Records from a dataset
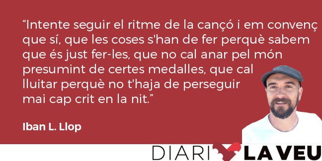 Pense en eixe nas trist com una pujada i en els ulls alegres d’italià, que deia Paolo Conte. Em fa somriure recordar la cançó, zazara zaz, zazara zaz, za za za ra za za za za zaz… Intente seguir el ritme de la cançó i em convenç que sí, que les coses s’han de fer perquè sabem que és just fer-les, que no cal anar pel món presumint de certes medalles, que cal lluitar perquè no t’haja de perseguir mai cap crit en la nit.
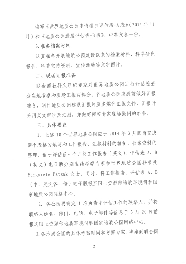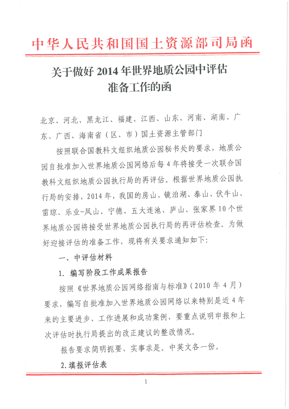 做好2014年世界地质公园中评估准备工作的函
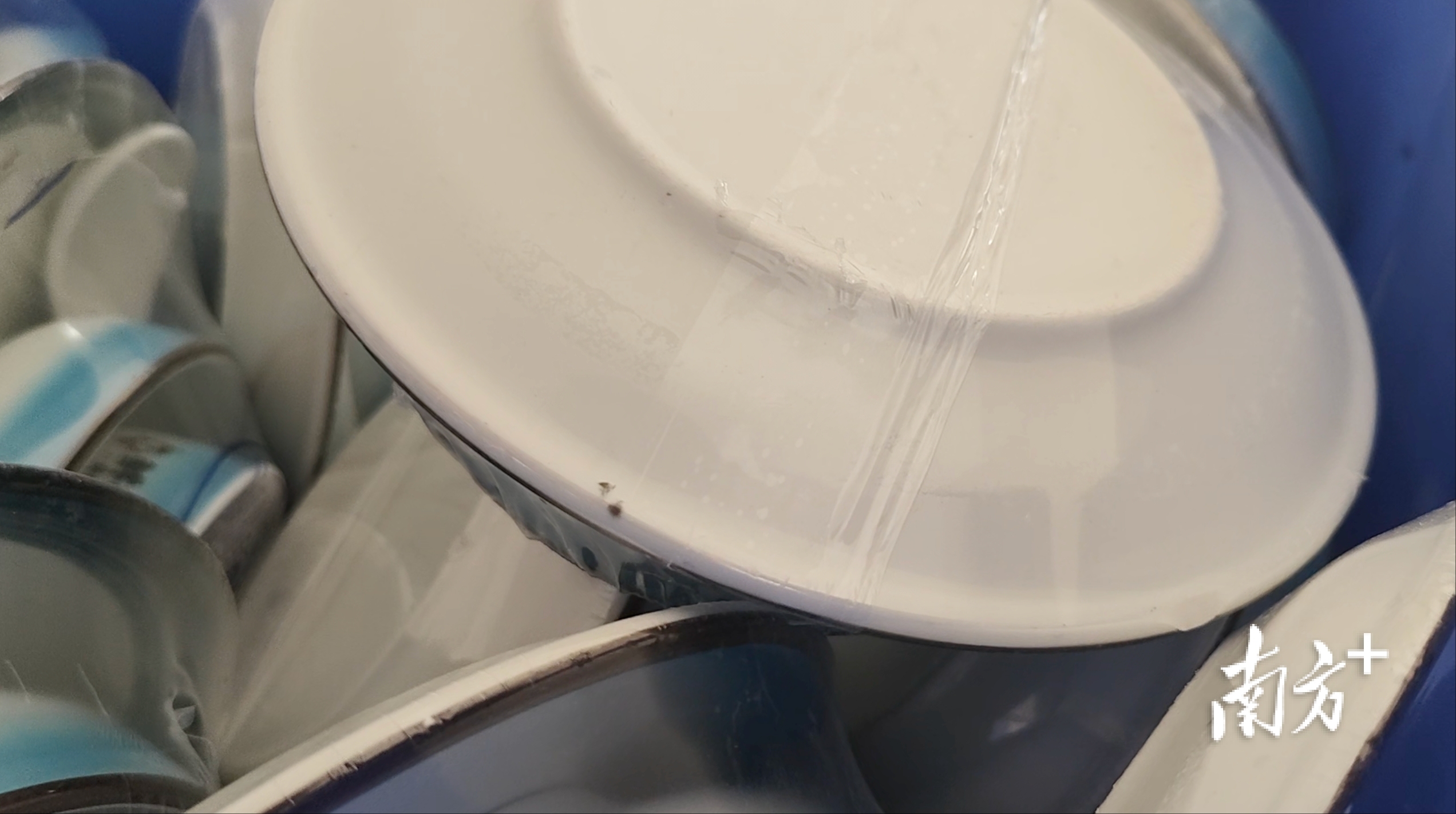 “喷淋的机器坏了,有些喷不到。”一名工人解释道,由于清洗设备的喷淋部件损坏,部分餐具无法做到彻底清洗。
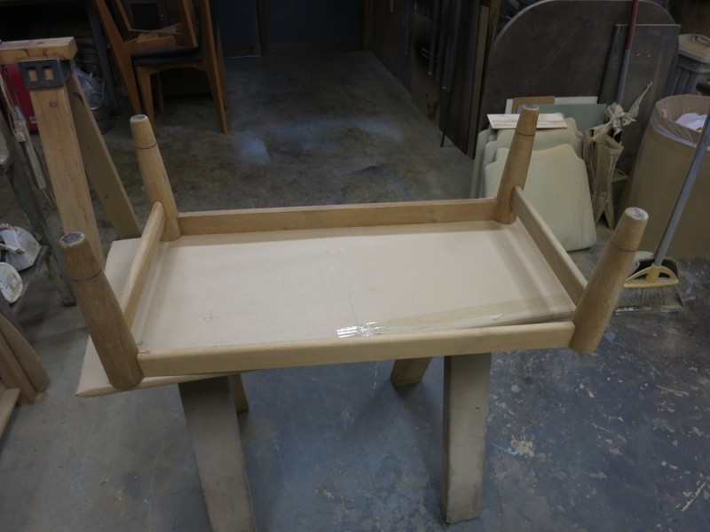 数日(1~2日では有りません)時間を掛けて丁寧に作業を行っており、ただ削り直すだけではなく、オリジナルの意匠(直線やカーブの角度、デザインの美しさ)は大切にしつつ、そのままでは強度的に不安な部分に専門的な木工の知識の元、細かい部分まで職人が手を入れて、見た目を損ねない方法で補強を入れたり、接合部分の再接着を行いやメンテナンスを行っておりますので、安心してお使い頂けます。
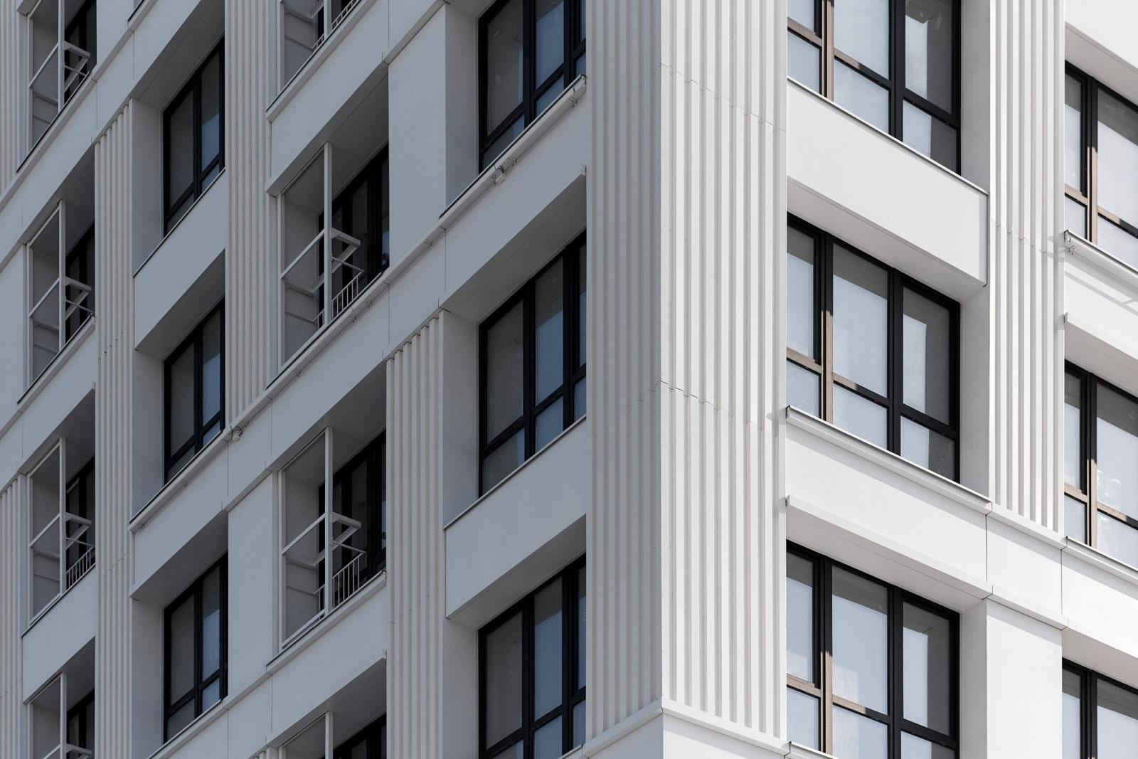 На объекте параллельно ведется большой пул работ — от устройства инженерных систем до внутренней отделки, но внешне наиболее заметен монтаж фасада. Первая башня уже оделась в белоснежные панели, что позволило оценить изящные архитектурные решения, включая визуально скрытое размещение внешних блоков кондиционеров.
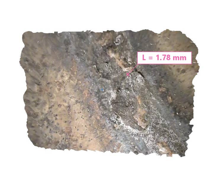 À gauche : modèle 3D de l’endommagement d’un tuyau. À droite : le même modèle avec l’analyse des dégradés de couleurs.
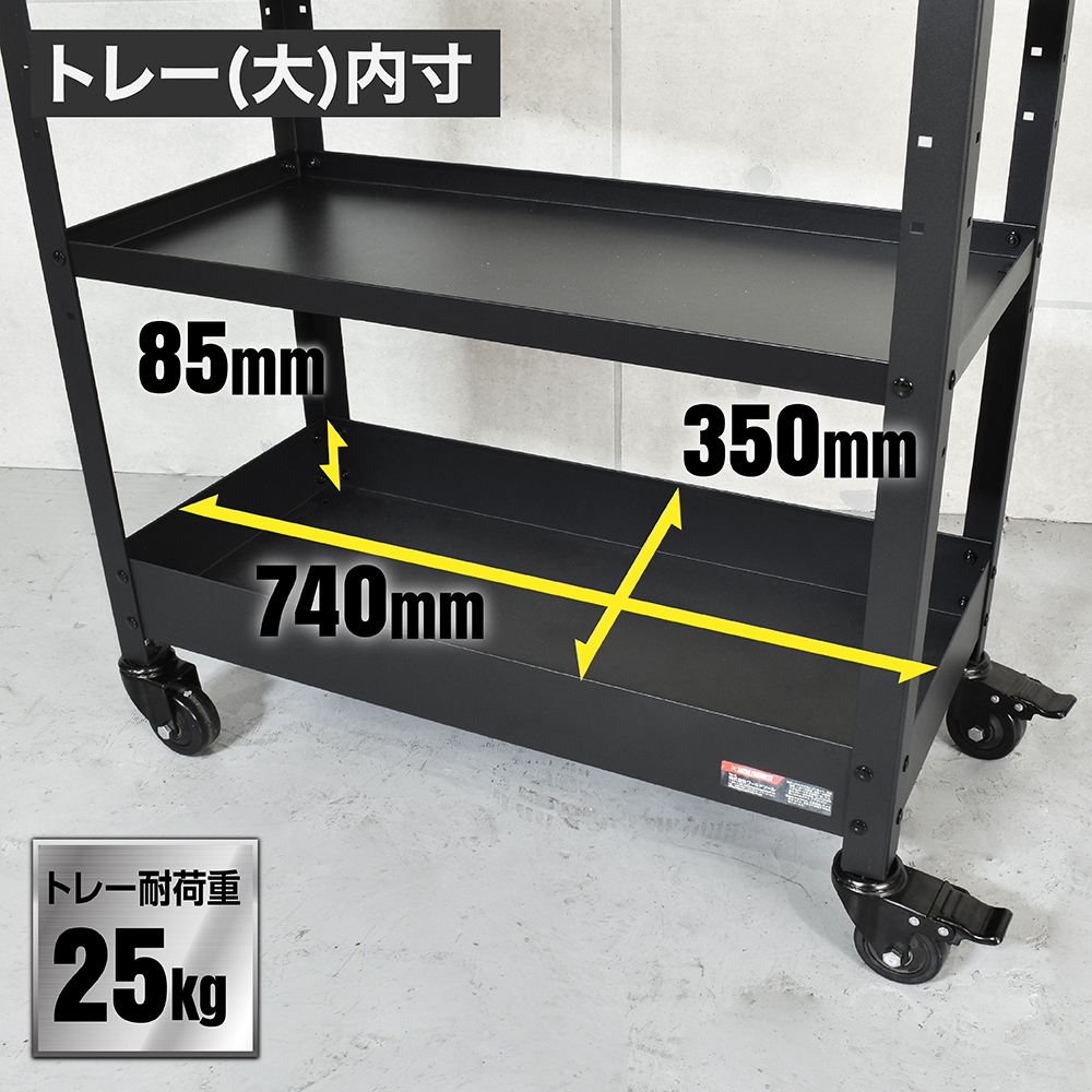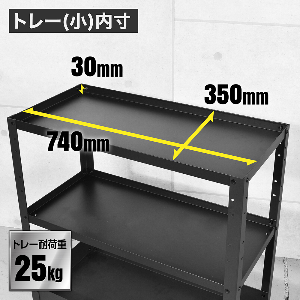 サイズ | ・本体サイズ:W755×D365×H740mm ・重量:12.5kg ・トレー(小)内寸:W740×D350×H30mm ・トレー(大)内寸:W740×D350×H85mm ・トレー耐荷重:25kg ・レッグ耐荷重:100kg(4本) |
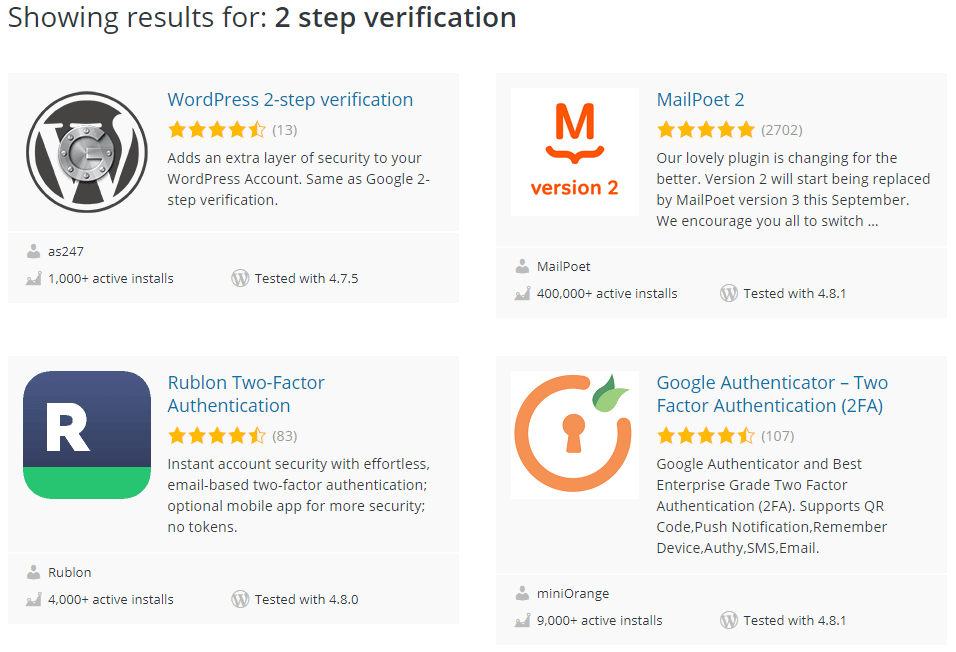 非常简单,安装两步验证的插件,而且还有很多插件可供选择。在wordpress网站上以“2 step verification” 或 “ Two Factor Authentication” 为关键字搜下插件,每个都能找到上百个相关插件。
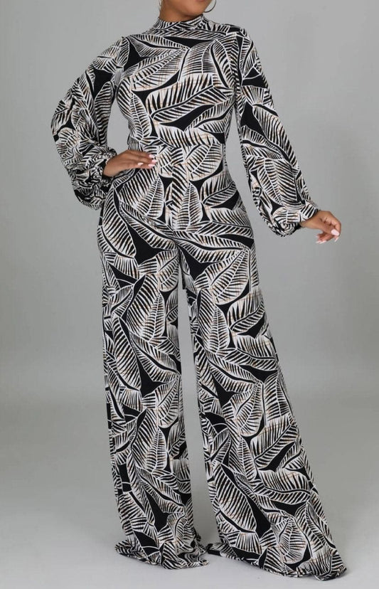 Leaf Print Wide Leg Jumpsuit with Sash
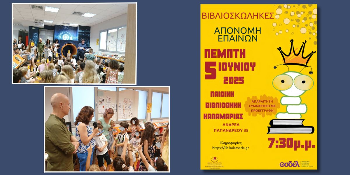 Η εβδομάδα ολοκληρώθηκε με την Εκδήλωση Απονομής των Επαίνων για τα παιδιά που συμμετείχαν ατομικά στο πρόγραμμα, καθώς και για τα παιδιά των σχολείων που επιλέχθηκαν μέσω κλήρωσης, λόγω του ιδιαίτερα αυξημένου ενδιαφέροντος. Τιμητικές βραβεύσεις απένειμε ο Αντιδήμαρχος Παιδείας, Δια Βίου Μάθησης και Πολιτισμού του Δήμου Καλαμαριάς, Αθανάσιος Γιαννακός, ο οποίος συνεχάρη θερμά τους μικρούς αναγνώστες για τη συμμετοχή και την αγάπη τους για τα βιβλία. Στην εκδήλωση, τα παιδιά εντυπωσίασαν με τις εύστοχες και ώριμες απαντήσεις τους σχετικά με τη σημασία της ανάγνωσης, αποδεικνύοντας την ουσιαστική επίδραση του προγράμματος. Το παρών έδωσαν, μέσω βιντεοσκοπημένων συνεντεύξεων, ο Γιωργανδρέας Ζάννος, διευθυντής του ΟΣΔΕΛ και ο Βαγγέλης Ηλιόπουλος, ο πιο πολυδιαβασμένος Έλληνας συγγραφέας του προγράμματος «Βιβλιοσκώληκες 2024-2025».
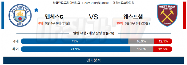1월 5일 EPL 맨체스터시티 웨스트햄 해외축구분석 스포츠분석
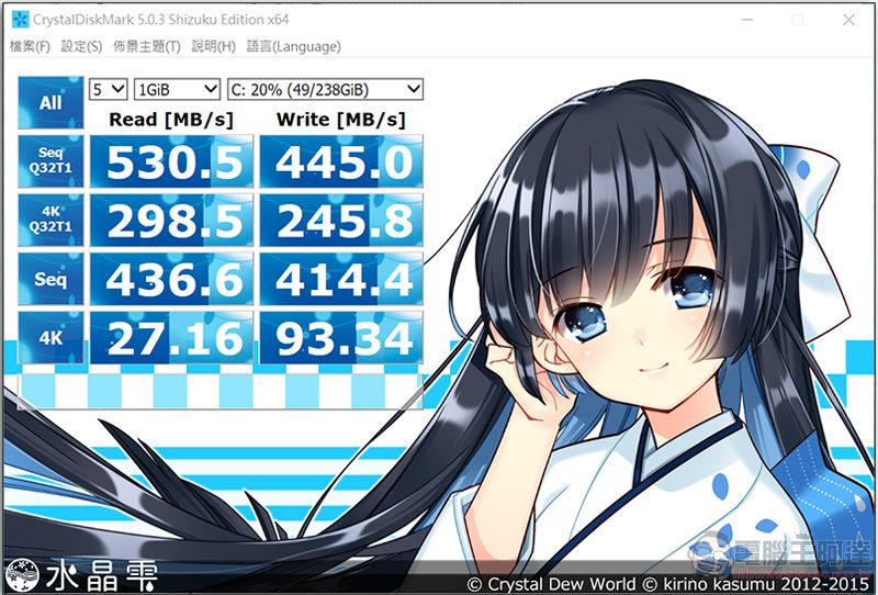 至於硬碟讀寫速度方面,用 Christal Disk Mark 水晶雫測量連續讀寫速度,得到的成績如上圖所示:

EXERCISE BRIEF: Each entry above should be returned exactly as written, minus its pictures.

EXPECTED ANSWER:
 Pense en eixe nas trist com una pujada i en els ulls alegres d’italià, que deia Paolo Conte. Em fa somriure recordar la cançó, zazara zaz, zazara zaz, za za za ra za za za za zaz… Intente seguir el ritme de la cançó i em convenç que sí, que les coses s’han de fer perquè sabem que és just fer-les, que no cal anar pel món presumint de certes medalles, que cal lluitar perquè no t’haja de perseguir mai cap crit en la nit.
 做好2014年世界地质公园中评估准备工作的函
 “喷淋的机器坏了,有些喷不到。”一名工人解释道,由于清洗设备的喷淋部件损坏,部分餐具无法做到彻底清洗。
 数日(1~2日では有りません)時間を掛けて丁寧に作業を行っており、ただ削り直すだけではなく、オリジナルの意匠(直線やカーブの角度、デザインの美しさ)は大切にしつつ、そのままでは強度的に不安な部分に専門的な木工の知識の元、細かい部分まで職人が手を入れて、見た目を損ねない方法で補強を入れたり、接合部分の再接着を行いやメンテナンスを行っておりますので、安心してお使い頂けます。
 На объекте параллельно ведется большой пул работ — от устройства инженерных систем до внутренней отделки, но внешне наиболее заметен монтаж фасада. Первая башня уже оделась в белоснежные панели, что позволило оценить изящные архитектурные решения, включая визуально скрытое размещение внешних блоков кондиционеров.
 À gauche : modèle 3D de l’endommagement d’un tuyau. À droite : le même modèle avec l’analyse des dégradés de couleurs.
 サイズ | ・本体サイズ:W755×D365×H740mm ・重量:12.5kg ・トレー(小)内寸:W740×D350×H30mm ・トレー(大)内寸:W740×D350×H85mm ・トレー耐荷重:25kg ・レッグ耐荷重:100kg(4本) |
 非常简单,安装两步验证的插件,而且还有很多插件可供选择。在wordpress网站上以“2 step verification” 或 “ Two Factor Authentication” 为关键字搜下插件,每个都能找到上百个相关插件。
 Leaf Print Wide Leg Jumpsuit with Sash
 Η εβδομάδα ολοκληρώθηκε με την Εκδήλωση Απονομής των Επαίνων για τα παιδιά που συμμετείχαν ατομικά στο πρόγραμμα, καθώς και για τα παιδιά των σχολείων που επιλέχθηκαν μέσω κλήρωσης, λόγω του ιδιαίτερα αυξημένου ενδιαφέροντος. Τιμητικές βραβεύσεις απένειμε ο Αντιδήμαρχος Παιδείας, Δια Βίου Μάθησης και Πολιτισμού του Δήμου Καλαμαριάς, Αθανάσιος Γιαννακός, ο οποίος συνεχάρη θερμά τους μικρούς αναγνώστες για τη συμμετοχή και την αγάπη τους για τα βιβλία. Στην εκδήλωση, τα παιδιά εντυπωσίασαν με τις εύστοχες και ώριμες απαντήσεις τους σχετικά με τη σημασία της ανάγνωσης, αποδεικνύοντας την ουσιαστική επίδραση του προγράμματος. Το παρών έδωσαν, μέσω βιντεοσκοπημένων συνεντεύξεων, ο Γιωργανδρέας Ζάννος, διευθυντής του ΟΣΔΕΛ και ο Βαγγέλης Ηλιόπουλος, ο πιο πολυδιαβασμένος Έλληνας συγγραφέας του προγράμματος «Βιβλιοσκώληκες 2024-2025».
1월 5일 EPL 맨체스터시티 웨스트햄 해외축구분석 스포츠분석
 至於硬碟讀寫速度方面,用 Christal Disk Mark 水晶雫測量連續讀寫速度,得到的成績如上圖所示:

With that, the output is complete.